:: EXTRACTED INFORMATION ::
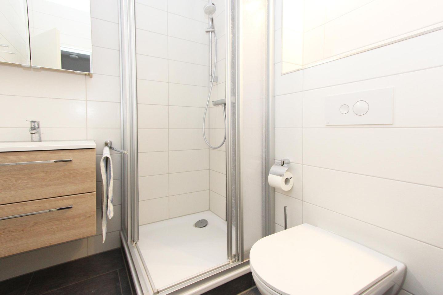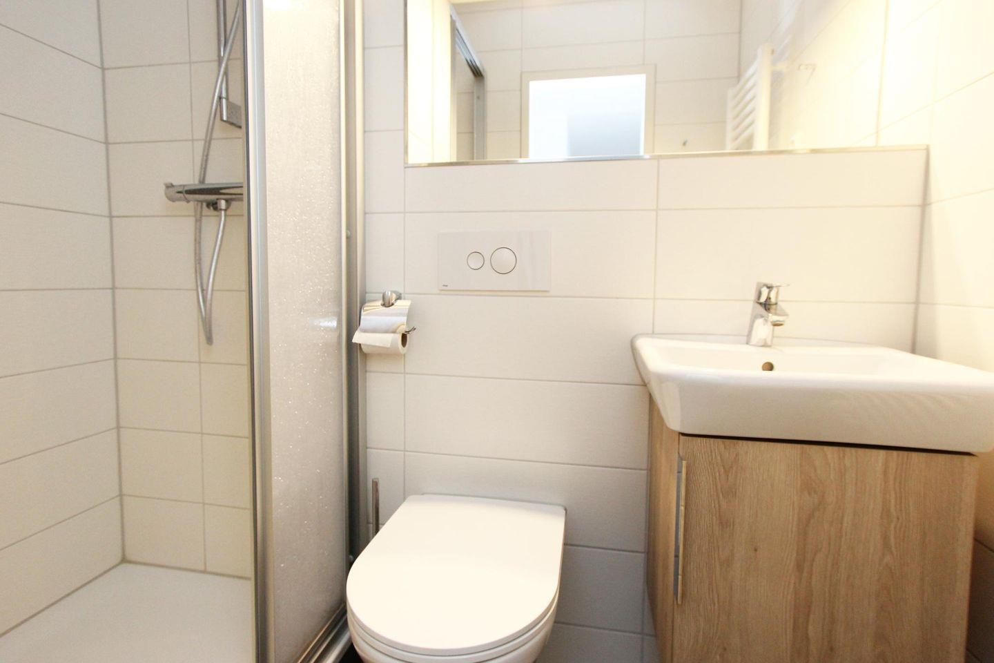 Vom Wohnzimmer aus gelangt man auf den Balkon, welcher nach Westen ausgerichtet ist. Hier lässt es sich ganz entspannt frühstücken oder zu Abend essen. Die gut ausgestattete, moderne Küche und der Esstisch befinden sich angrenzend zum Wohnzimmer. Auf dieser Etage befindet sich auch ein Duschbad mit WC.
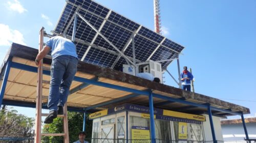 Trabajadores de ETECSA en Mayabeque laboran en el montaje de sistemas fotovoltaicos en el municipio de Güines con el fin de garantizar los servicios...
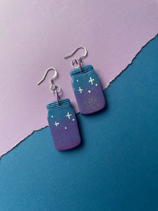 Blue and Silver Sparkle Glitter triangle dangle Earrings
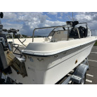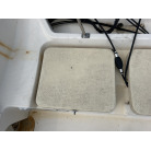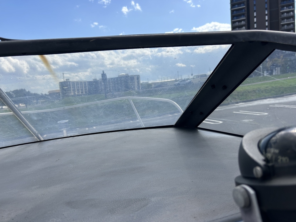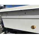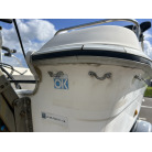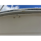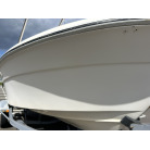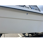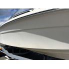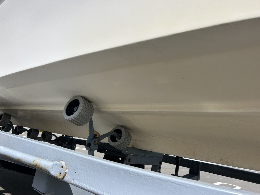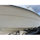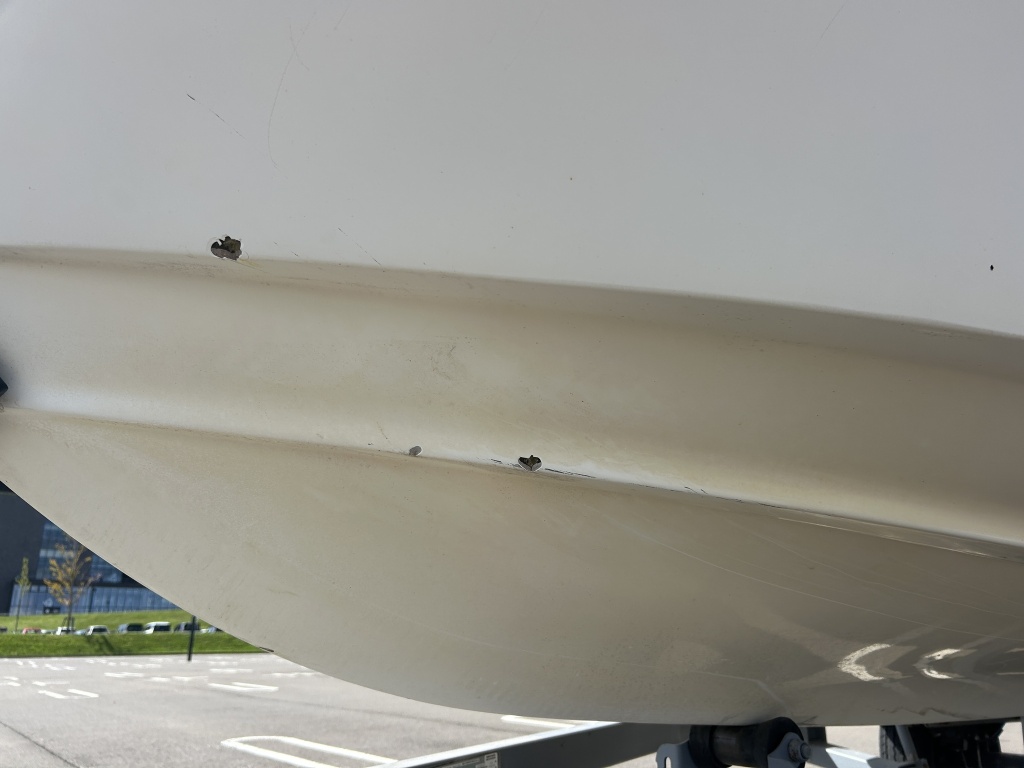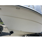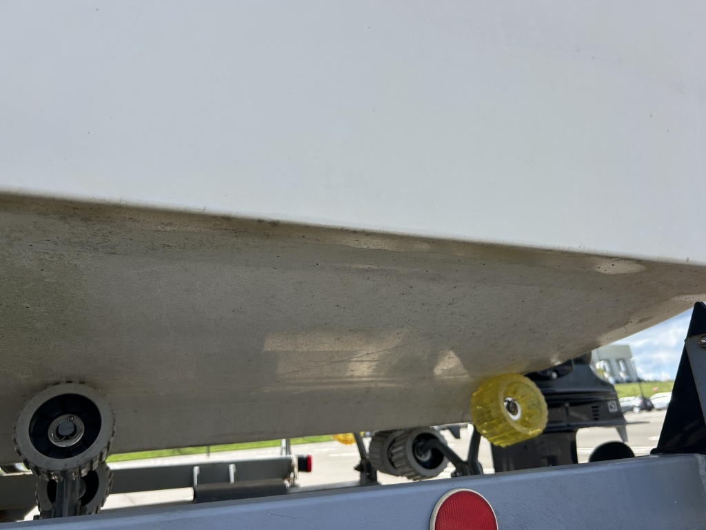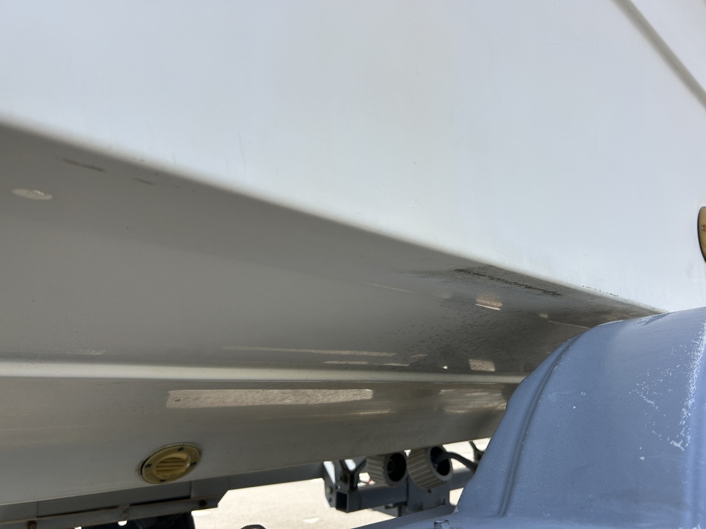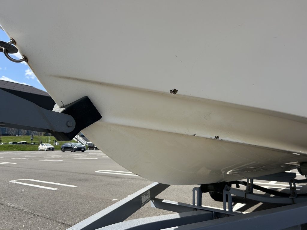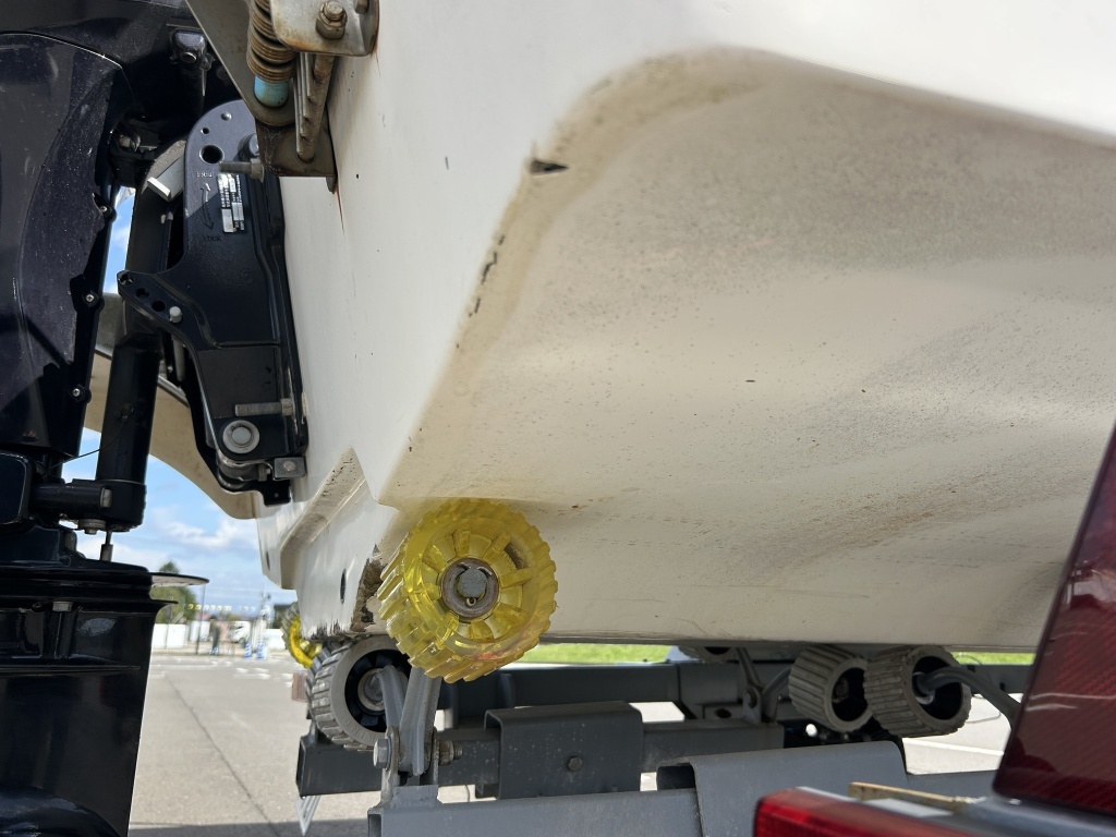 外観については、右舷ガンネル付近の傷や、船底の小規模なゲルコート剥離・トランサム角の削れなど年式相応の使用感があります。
:::
:: EXTRACTED INFORMATION ::
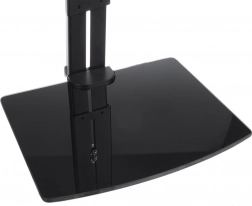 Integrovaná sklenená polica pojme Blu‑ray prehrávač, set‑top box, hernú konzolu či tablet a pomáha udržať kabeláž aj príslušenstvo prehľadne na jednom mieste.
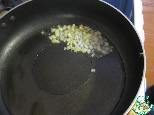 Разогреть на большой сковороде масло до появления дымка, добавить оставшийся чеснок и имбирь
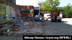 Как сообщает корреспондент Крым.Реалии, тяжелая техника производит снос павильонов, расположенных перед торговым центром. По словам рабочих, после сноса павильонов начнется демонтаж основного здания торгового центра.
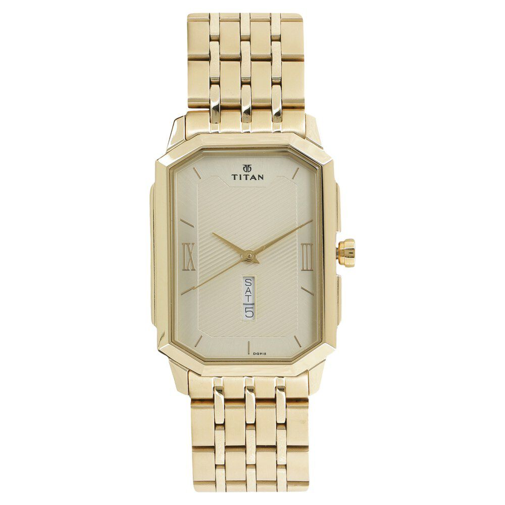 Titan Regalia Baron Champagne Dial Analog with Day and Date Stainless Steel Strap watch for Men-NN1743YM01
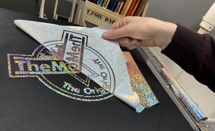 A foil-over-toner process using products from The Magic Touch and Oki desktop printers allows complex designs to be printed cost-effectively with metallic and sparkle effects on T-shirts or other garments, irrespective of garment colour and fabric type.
:::
*PROBLEM TO WORK ON*: Please output the lines above beginning at the line with "Titan Regalia Baron" and ending after the line with "A foil-over-toner process", precisely as written and with no pictures.

*RESPONSE TO THE EXERCISE*:
 Titan Regalia Baron Champagne Dial Analog with Day and Date Stainless Steel Strap watch for Men-NN1743YM01
 A foil-over-toner process using products from The Magic Touch and Oki desktop printers allows complex designs to be printed cost-effectively with metallic and sparkle effects on T-shirts or other garments, irrespective of garment colour and fabric type.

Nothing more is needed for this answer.